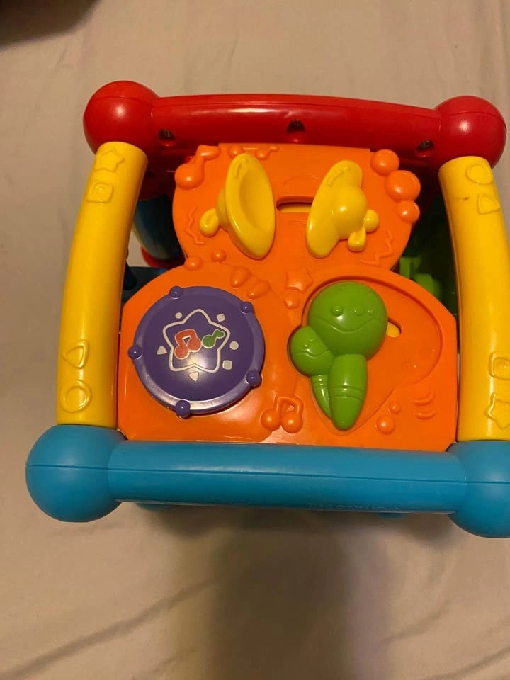 Like-new interactive music box that’s perfect for curious toddlers. It features easy-to-press buttons that play realistic animal sounds and cheerful melodies, helping babies learn cause-and-effect and animal recognition. Condition: Excellent, fully functional, and clean. Features: Multiple animal sound buttons, music mode, and bright, engaging colors. Home: Smoke-free and pet-free. Batteries included so your little one can play right away! Pickup only at Sheppard & Bayview.
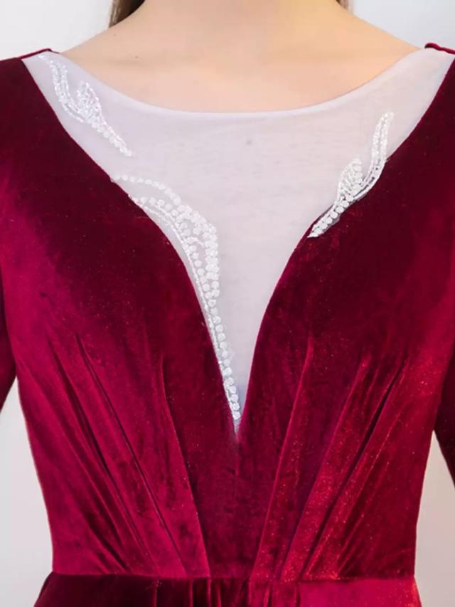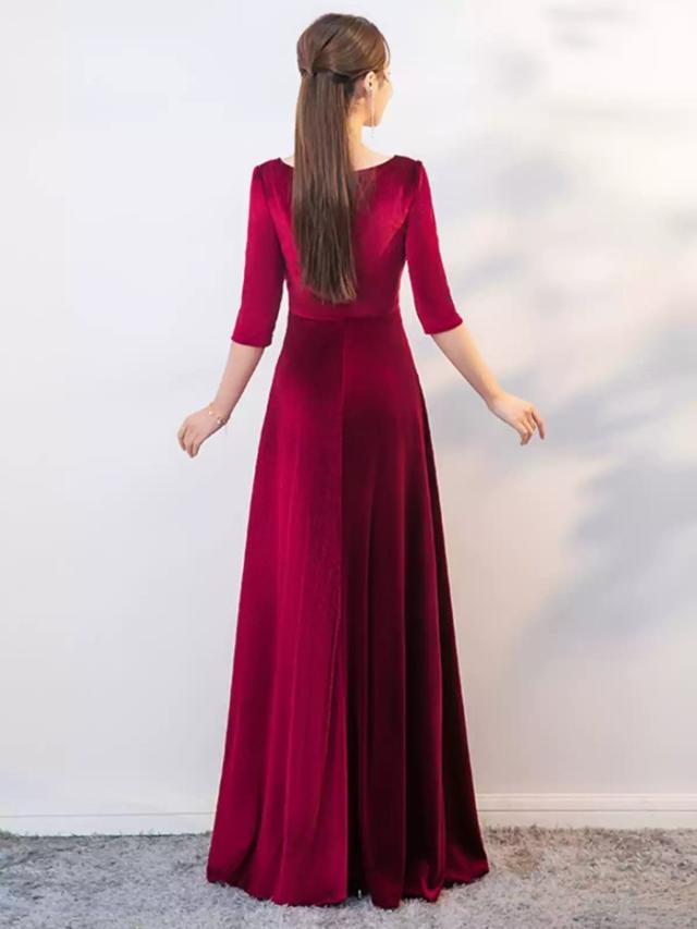 パーティードレス ロングドレス ベルベット ワインレッド 五分袖 背中ファスナー レースインナー風デザイン Aライン 上品 発表会 演奏会 合唱 団体衣装 結婚式 二次会 成人式 30代 40代 50代 S〜6L 大きいサイズ エレガント カラオケドレス
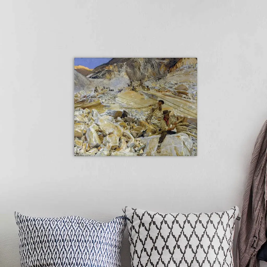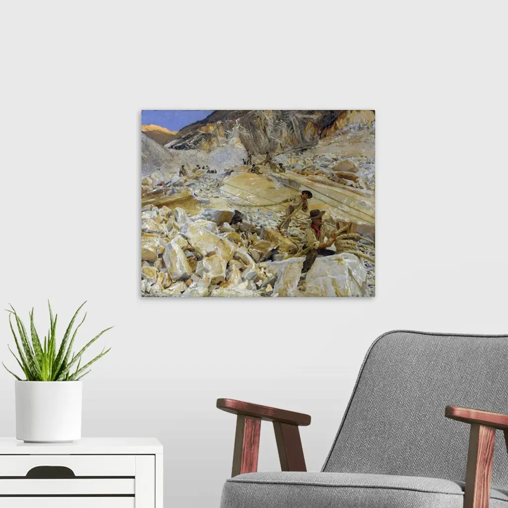 Sargent consolidated many on-the-spot studies of workers into this depiction of the grueling labor, conducted without modern technology, at the historic Italian quarries. A friend recalled the artist's devotion to the subject: While painting at the Carrara marble quarries, [Sargent] slept for weeks in a hut so completely devoid of all ordinary comforts that his companions, far younger men, fled after a few days, unable to stand the Spartan rigors tolerated by their senior with such serene indifference.
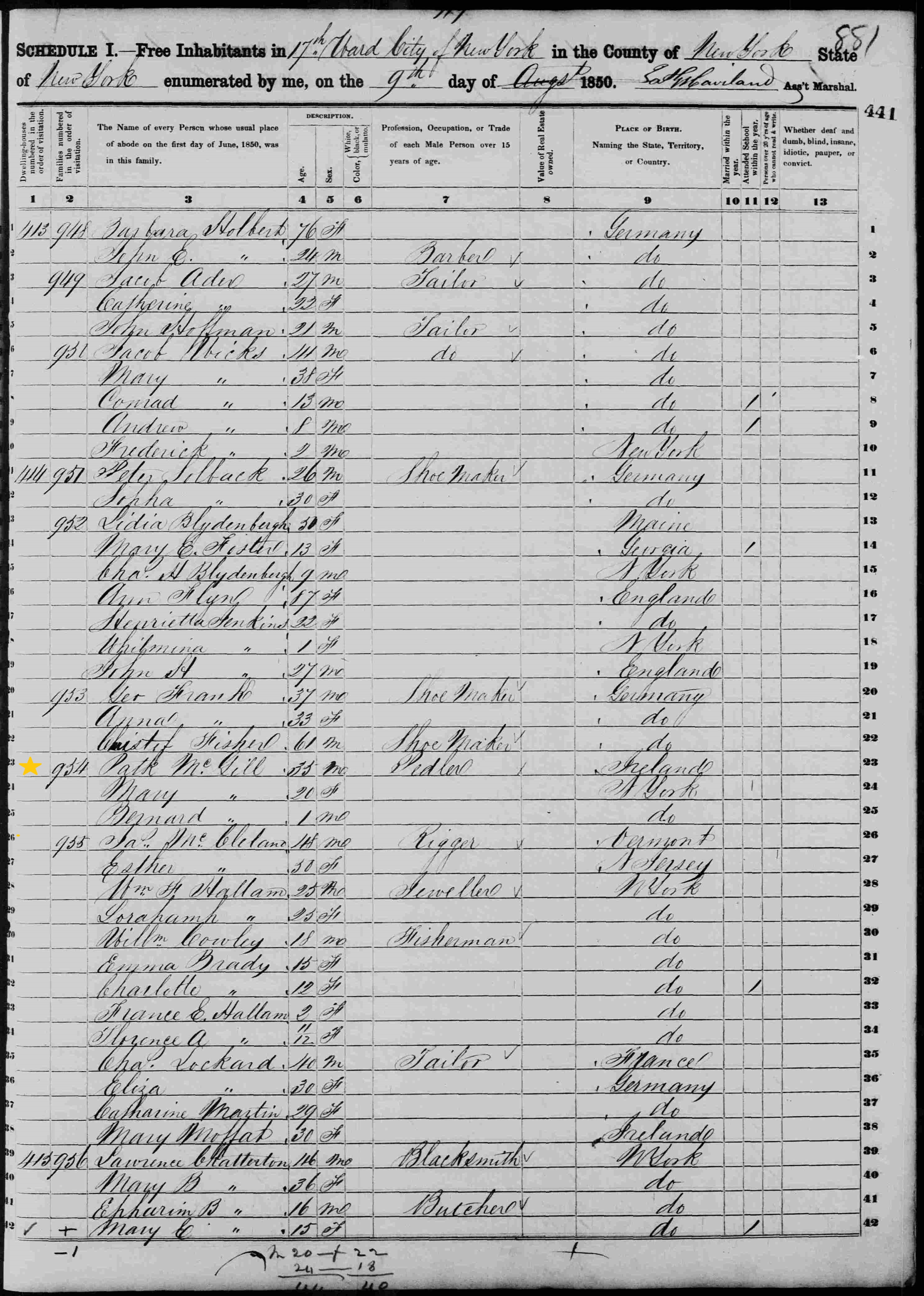 Patrick McGill; 1850 Census
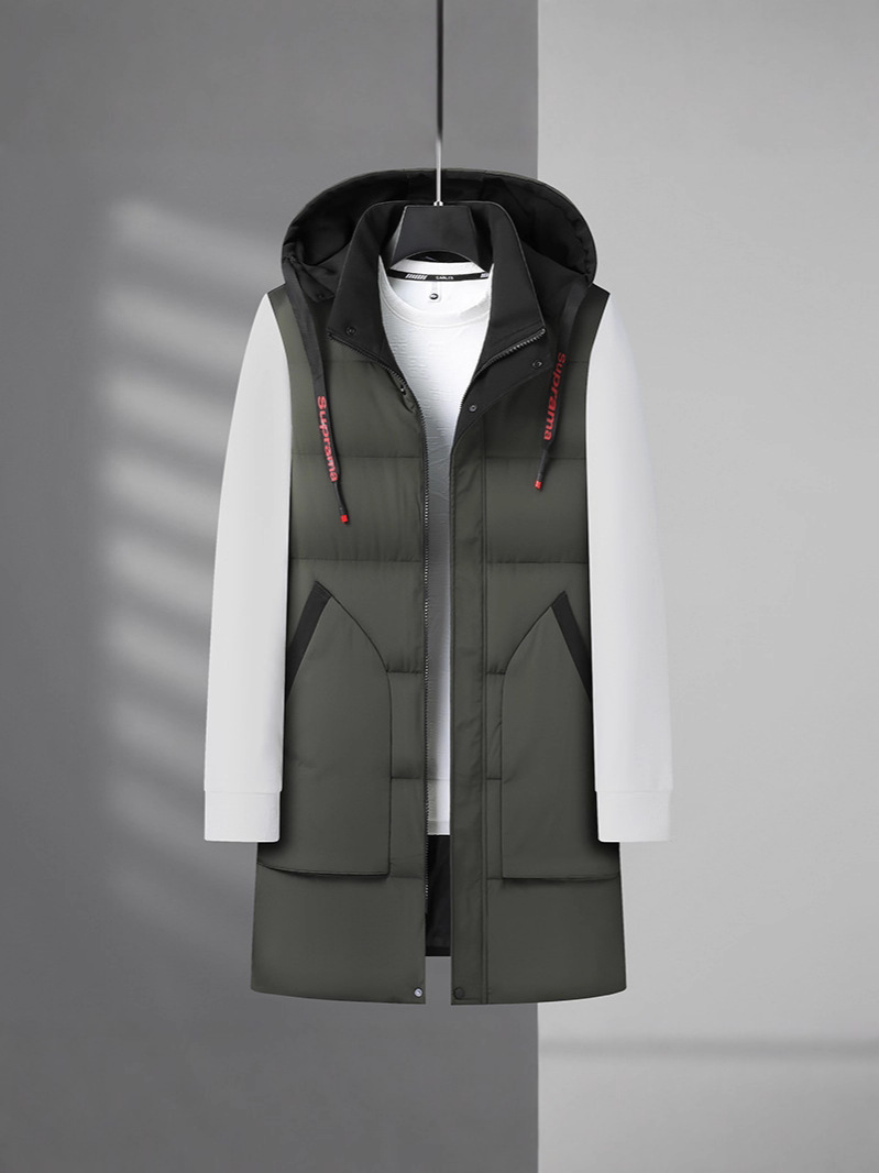 Новый модный толстый толстый средний длинный хлопковый зажим для коня мужской плюс большой размер досуг с капюшоном теплый жилет толстый зимний гром
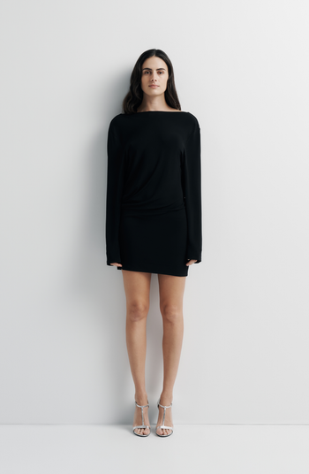 Fitted mini dress in fluid jersey with boat neckline and long sleeves. Features deep drape open back and pleated front detail.
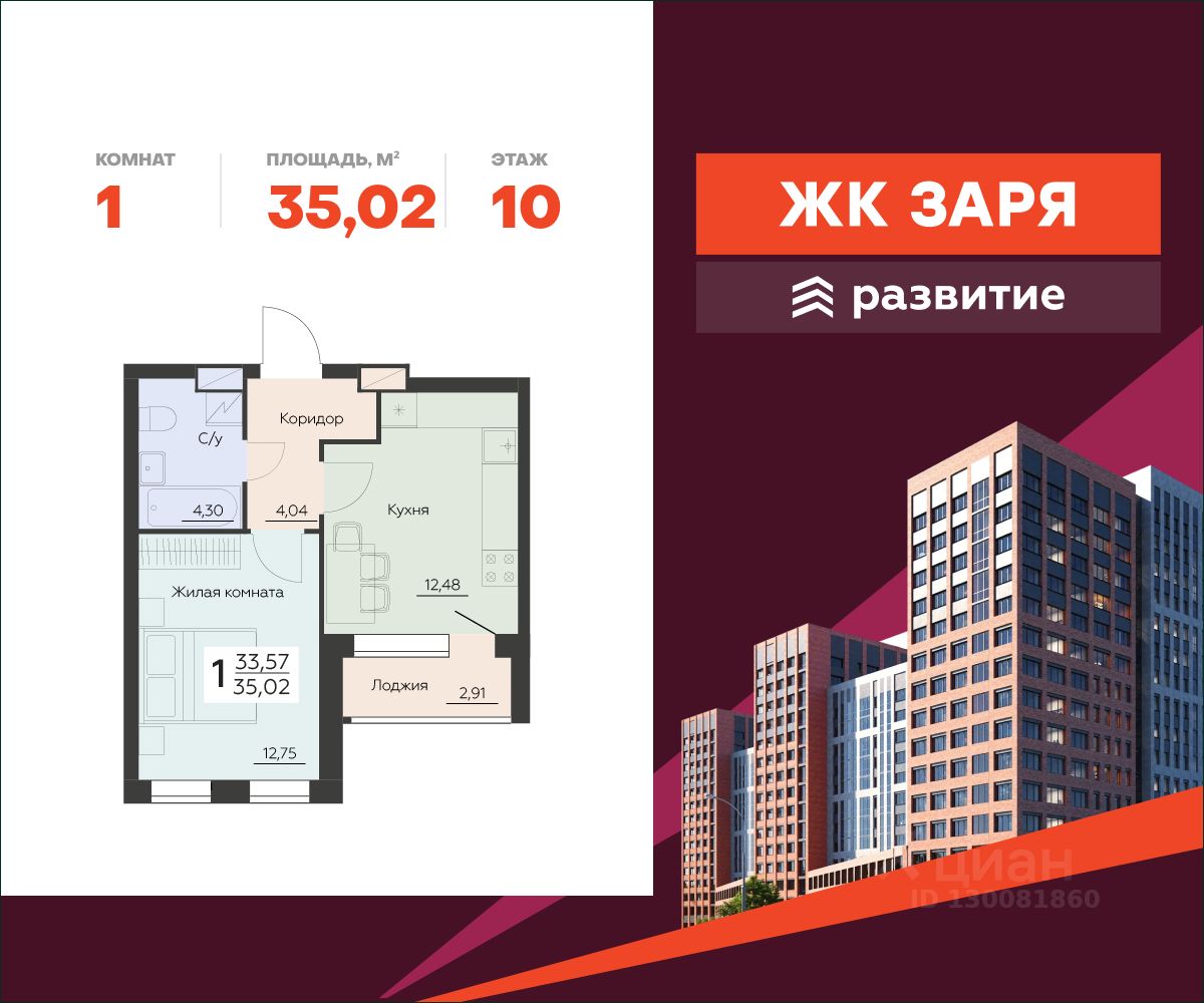 В продаже квартира площадью 35.02 кв. м с черновой отделкой. Квартира расположена на 10 этаже 16 этажного дома, в новом жилом комплексе "Заря" от федерального застройщика "Развитие".

* TASK STATEMENT *
Your answer must be the lines from the one containing "Fitted mini dress" through the last line of the listing above, restated word for word, with no pictures.

* ANSWER TO THE PROBLEM *
 Fitted mini dress in fluid jersey with boat neckline and long sleeves. Features deep drape open back and pleated front detail.
 В продаже квартира площадью 35.02 кв. м с черновой отделкой. Квартира расположена на 10 этаже 16 этажного дома, в новом жилом комплексе "Заря" от федерального застройщика "Развитие".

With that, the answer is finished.